### [ASSIGNED TASK]
In the data below, one line contains "箫阳代表精工书院新闻中心上台" and a later one contains "A colorful abstract". Print both, with every line between them, exactly and alone.

### [RECORDS SUPPLIED]
=======

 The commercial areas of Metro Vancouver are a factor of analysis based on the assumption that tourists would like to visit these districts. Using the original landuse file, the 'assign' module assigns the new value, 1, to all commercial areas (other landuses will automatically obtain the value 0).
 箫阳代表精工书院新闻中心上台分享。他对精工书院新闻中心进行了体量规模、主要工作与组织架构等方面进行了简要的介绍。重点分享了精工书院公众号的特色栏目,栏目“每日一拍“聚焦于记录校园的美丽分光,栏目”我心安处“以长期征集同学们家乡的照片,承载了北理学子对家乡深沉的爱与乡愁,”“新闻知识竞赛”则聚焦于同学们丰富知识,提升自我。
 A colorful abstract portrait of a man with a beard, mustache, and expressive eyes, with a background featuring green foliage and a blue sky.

=======

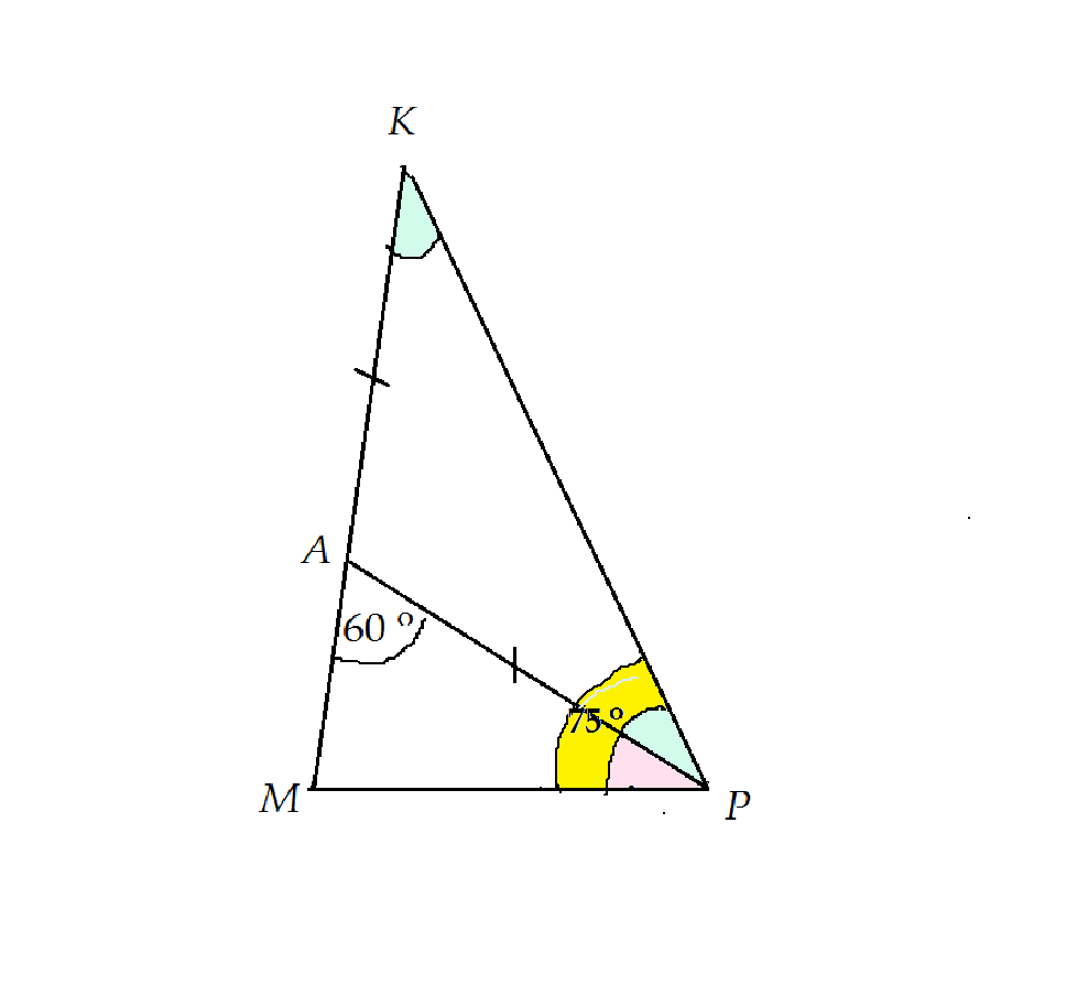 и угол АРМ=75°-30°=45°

=======

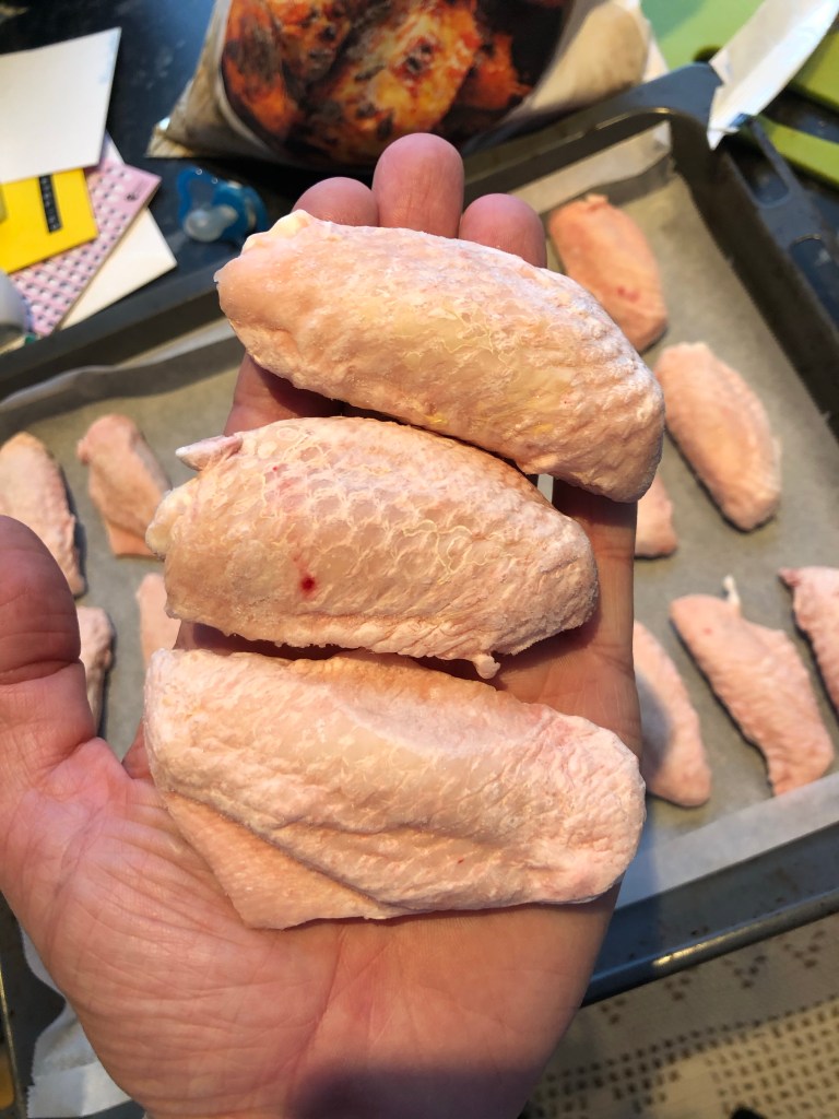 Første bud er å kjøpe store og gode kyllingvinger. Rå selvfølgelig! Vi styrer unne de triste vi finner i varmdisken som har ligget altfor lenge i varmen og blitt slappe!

=======

### [YOUR RESPONSE]
 箫阳代表精工书院新闻中心上台分享。他对精工书院新闻中心进行了体量规模、主要工作与组织架构等方面进行了简要的介绍。重点分享了精工书院公众号的特色栏目,栏目“每日一拍“聚焦于记录校园的美丽分光,栏目”我心安处“以长期征集同学们家乡的照片,承载了北理学子对家乡深沉的爱与乡愁,”“新闻知识竞赛”则聚焦于同学们丰富知识,提升自我。
 A colorful abstract portrait of a man with a beard, mustache, and expressive eyes, with a background featuring green foliage and a blue sky.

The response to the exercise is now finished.